My tete-a-tete with Swami Agnivesh…a man who is seen anywhere and everywhere…

Posted on: December 6, 2011

(This interview was done much before he decided to go to Bigg Boss!)

The room is a bit like the man himself. The walls espouse causes — from ending child labour and banning domestic violence to lifting a law that gives the army special rights in troubled areas. The Afghan girl with green eyes — made famous by National Geographic magazine — stares at visitors from a wall. Next to her is a neat hand-made chart listing all the promises made by political parties in the 2009 general elections.

Swami Agnivesh — a man for all causes — sits in the midst of all this, holding forth on subjects as disparate as Maoist violence and Swami Ramdev. If there is one thread that connects the issues that the political and social activist has been raising over the years, it is injustice. “My heart bleeds when I see injustice. So I reach out to people,” says Agnivesh.

In his saffron robes and turban, Agnivesh is difficult to miss. You see him everywhere — holding talks with the government on thorny issues, taking part in seminars and leading marches. In May this year, the government asked him to act as an interlocutor in peace talks with the Maoists. The result, he stresses, was a huge disappointment. The Maoists called him a “pawn,” and he felt “cheated” by the government.

What derailed the process, he says, was the killing by security forces of Naxalite leader Cherukuri Rajkumar alias Azad in July. “Days before the killing, the Naxals had shown interest in a dialogue. But now they don’t trust the government anymore,” he rues.

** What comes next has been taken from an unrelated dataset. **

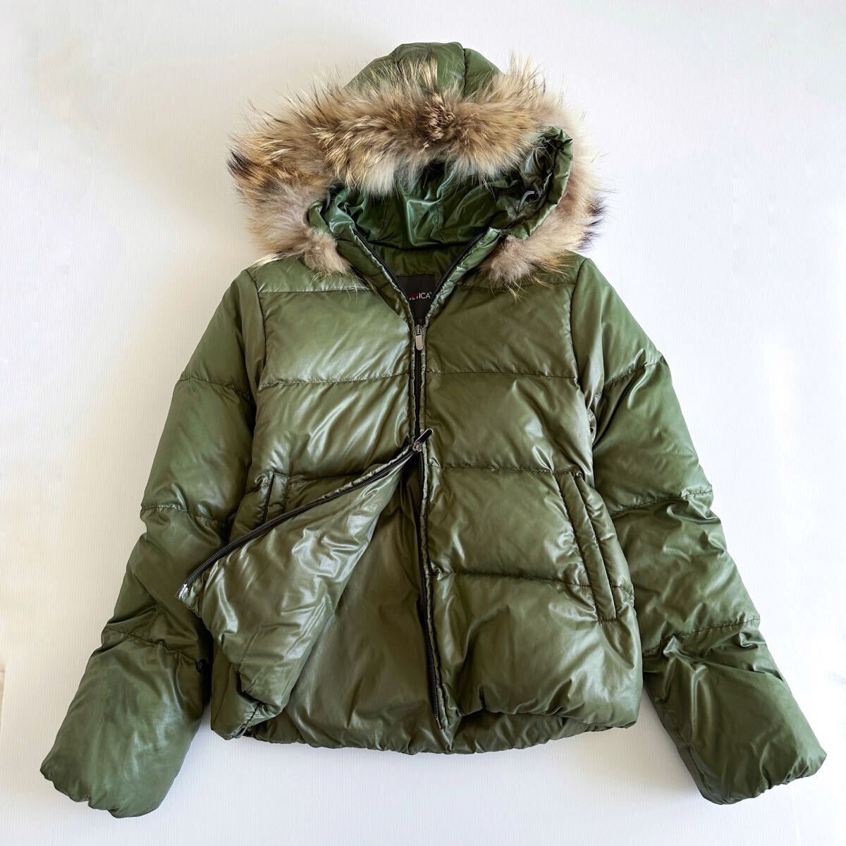 > ★ DUVETICA デュベティカ / ショートダウン 42 カーキ フードファー 緑 ラクーンファー ADHARA アダラ
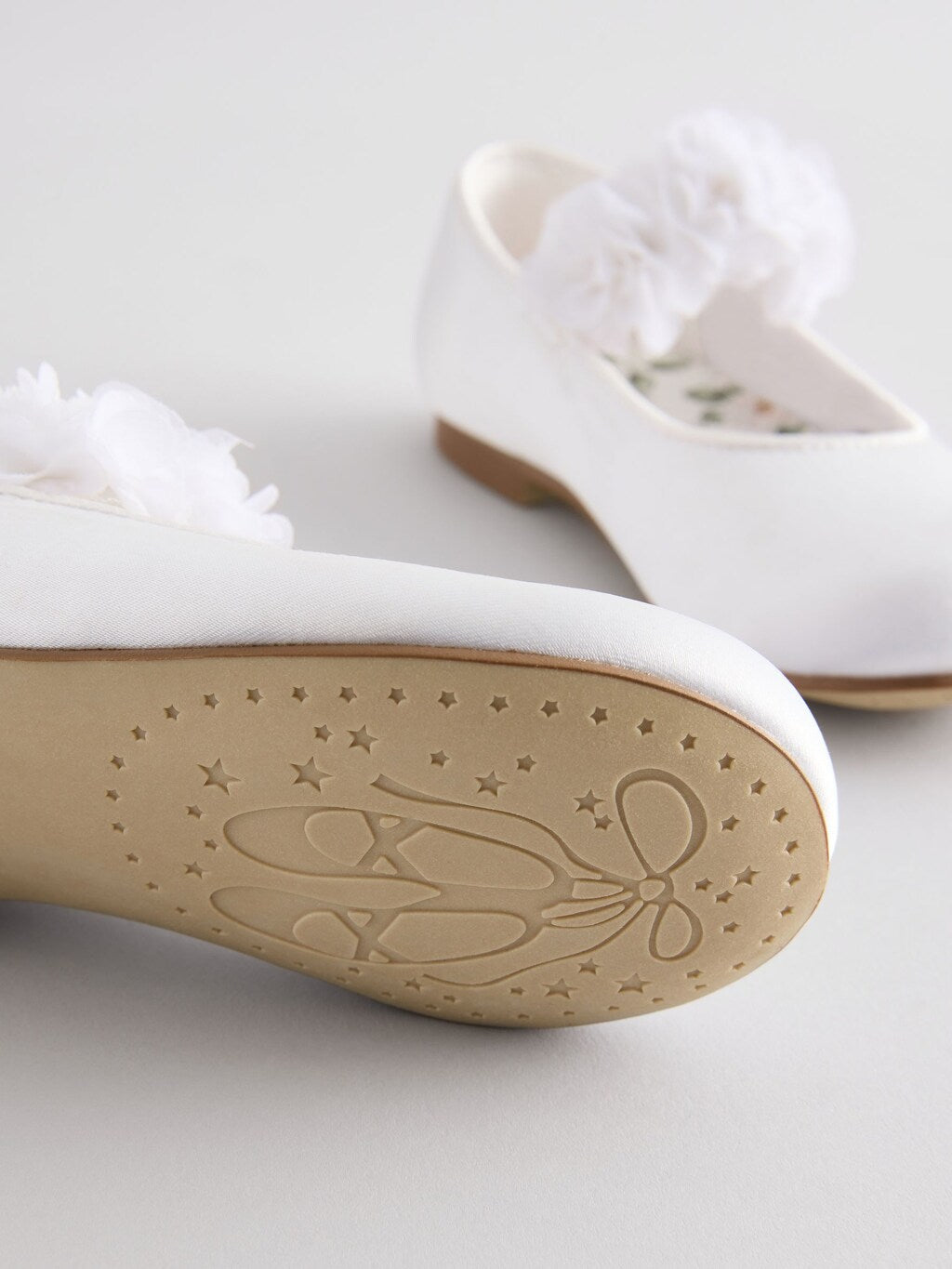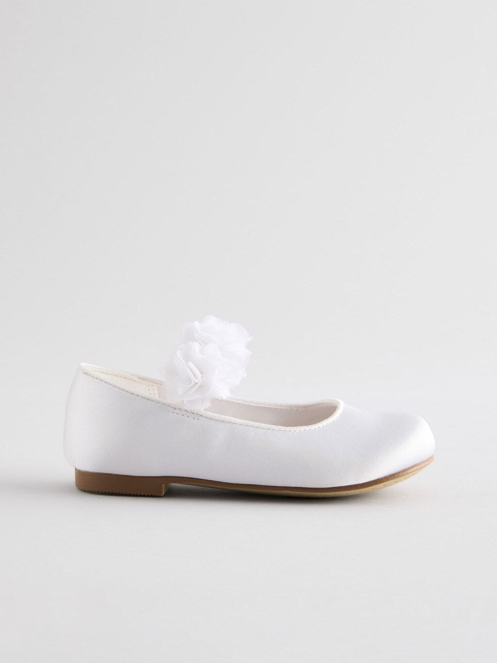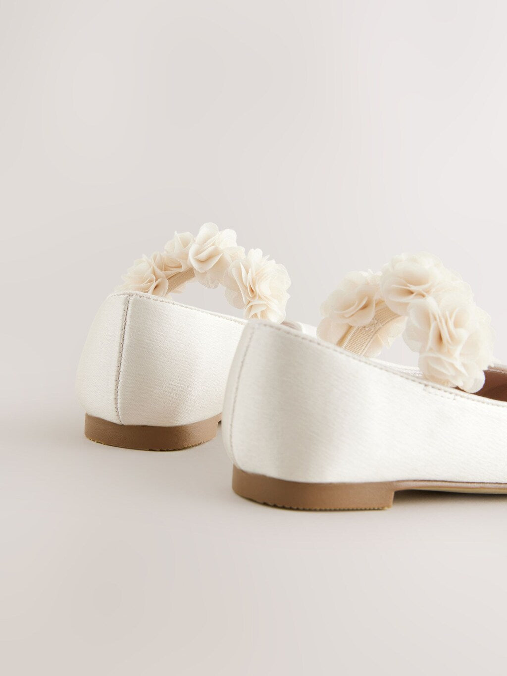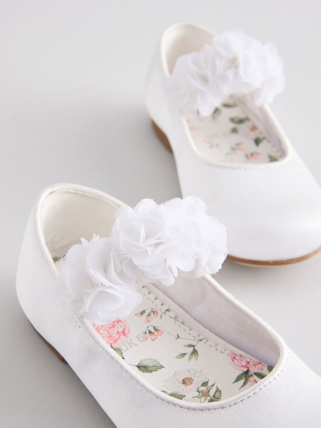 A tasteful finishing touch for wedding outfits, these gorgeous ivory white Mary Jane shoes have a smooth satin upper with corsage detailing to the elasticated strap, finished with a textile lining and a durable slip outsole.

Agnivesh, 71, is soft-spoken, but doesn’t mince his words. He says he has “doubts” about Prime Minister Manmohan Singh’s intentions in resolving the Maoist issue. “Mr Singh had promised to conduct a judicial inquiry into Azad’s death, but more than four months have passed and I still don’t see a step forward,” he says.

He stresses — three times in the course of our conversation — that he doesn’t believe in violence. “But state violence is far more devious and deadly,” he says. “And it is the state which provokes villagers deprived of health and education for years to pick up the gun.”

It was the Naxalite movement that gave Agnivesh his first taste of politics. The armed uprising in parts of Bengal was gaining ground when he was teaching business management at St Xavier’s College in Calcutta. “I was highly influenced by the cause, though I could never endorse the method they adopted,” he says.

Those were difficult days. On the one hand, Naxalism was leaving its impact on him, and on the other, Hinduism was beckoning. The boy then known as Vepa Shyam Rao embraced the cause of religion, inspired by Arya Samaj leaders. “In 1968, I left my job and moved to Haryana to dedicate my life to the poor,” he says. And Rao was rechristened Swami Agnivesh.

Agnivesh has dabbled in active politics too. In 1970, he along with some other Arya Samaj members started a political party called the Arya Sabha. Two years later, the party merged with the then Janata Party. Agnivesh, who fought elections from Haryana in 1977, says he had a “special rapport” with former Prime Minister Chandrashekhar and shared his socialist ideology. He became an MLA and served as an education minister in Haryana.

But Agnivesh soon started questioning the “undemocratic” functioning of his party. “I realised that nobody cared for any cause. Instead, everyone concentrated on power and money. So I withdrew from politics and took up social causes as a full-fledged activist.”

He hit the headlines when he spearheaded a movement for the liberation of bonded labourers working in stone quarries, brick kilns and in the carpet and glass manufacturing industries across India. The former chairperson of the UN Trust Fund on Contemporary Forms of Slavery also got actively involved in movements against foeticide and sati.

Agnivesh says he was drawn to causes when he was very young, but as the grandson of the Diwan of the princely state of Shakti, now in Chhattisgarh, he was not allowed to question social inequality.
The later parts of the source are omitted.